**EXERCISE DATA:**

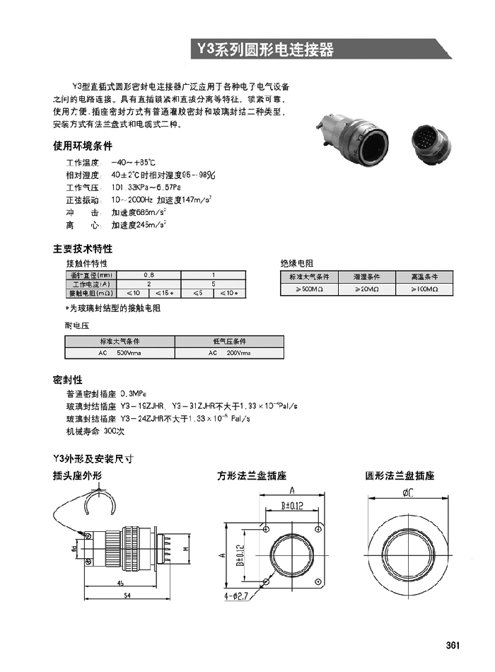Y3型直插式圓形電連接器廣泛應(yīng)用于各種電子電氣設(shè)備之間的電路連接。具有直插鎖緊和直拔分離等特征,鎖緊可靠,使用方便,插座密封方式有普通灌膠密封和玻璃封結(jié)兩種類型,安裝方式有法蘭盤式和電纜式兩種。
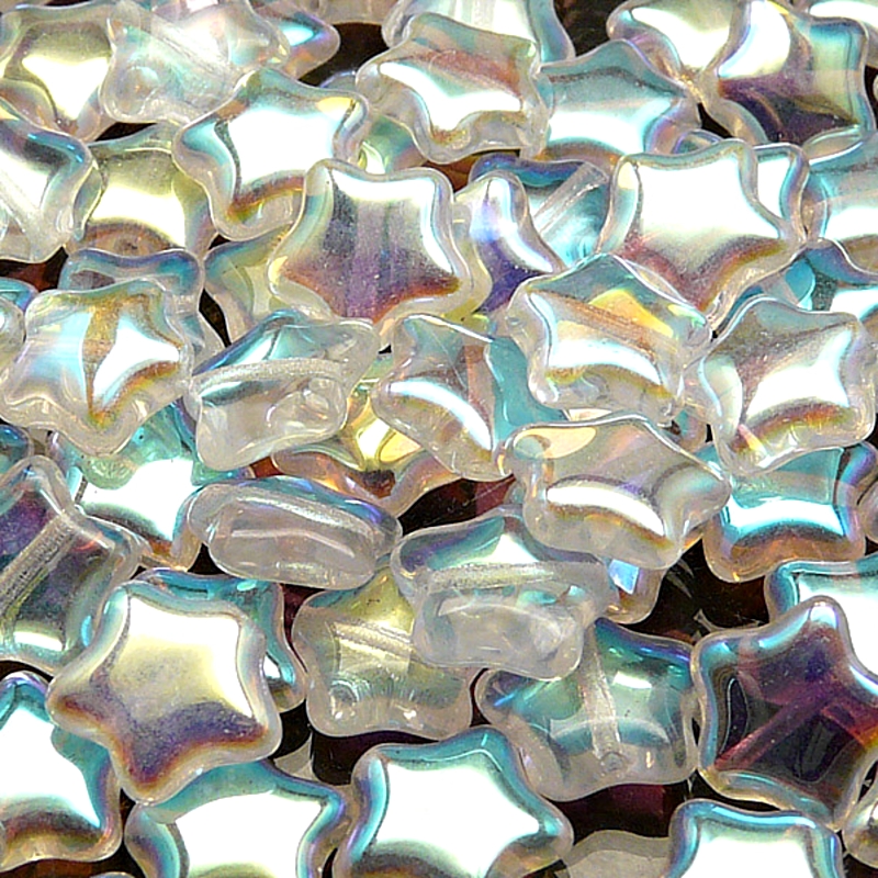 25ks České skleněné mačkané korálky hvězdička 12mm čirá/ AB polopokovSkladem 3 ks60 Kč/ ks49,59 Kč bez DPH
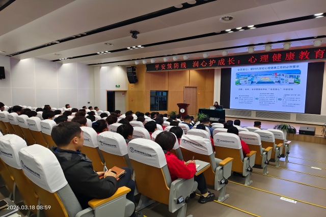 3月18日上午,学生工作处召开2026年新学期学生公寓管理工作会议,同期开展心理健康教育专题培训。学生工作处处长张宝中主持会议并部署公寓年度重点工作,全体宿管人员参加。
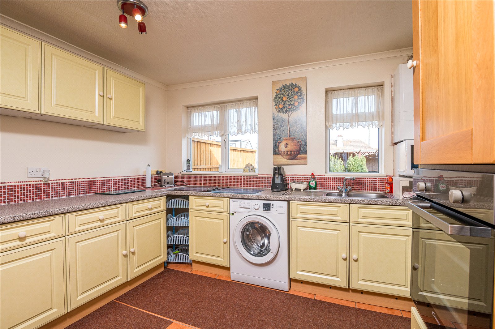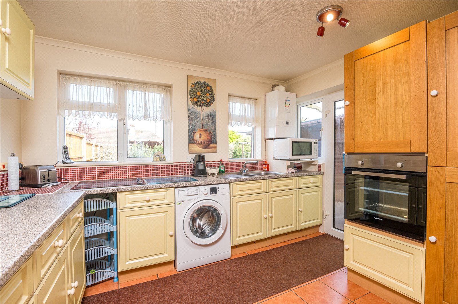 UPVC double obscured glazed door to side leading on to rear garden. UPVC double glazed window to side and rear. Kitchen is fitted with a range of base and eye level cabinets. Rolled edge working surface with stainless steel sink with mixer tap and drainer unit. Inset four burner ceramic hob. Integrated electric fan assist oven. Space and plumbing for washing machine. Space for free standing fridge/freezer. Wall mounted Ideal combination gas fired boiler. Tiled splash backs. Fully tiled floors. Coved cornice to ceiling.

**YOUR ASSIGNMENT:** Print the data above exactly, from its first line to the line bearing "3月18日上午,学生工作处召" inclusive, and keep pictures out of the result.

**WRITTEN RESPONSE:**
Y3型直插式圓形電連接器廣泛應(yīng)用于各種電子電氣設(shè)備之間的電路連接。具有直插鎖緊和直拔分離等特征,鎖緊可靠,使用方便,插座密封方式有普通灌膠密封和玻璃封結(jié)兩種類型,安裝方式有法蘭盤式和電纜式兩種。
 25ks České skleněné mačkané korálky hvězdička 12mm čirá/ AB polopokovSkladem 3 ks60 Kč/ ks49,59 Kč bez DPH
 3月18日上午,学生工作处召开2026年新学期学生公寓管理工作会议,同期开展心理健康教育专题培训。学生工作处处长张宝中主持会议并部署公寓年度重点工作,全体宿管人员参加。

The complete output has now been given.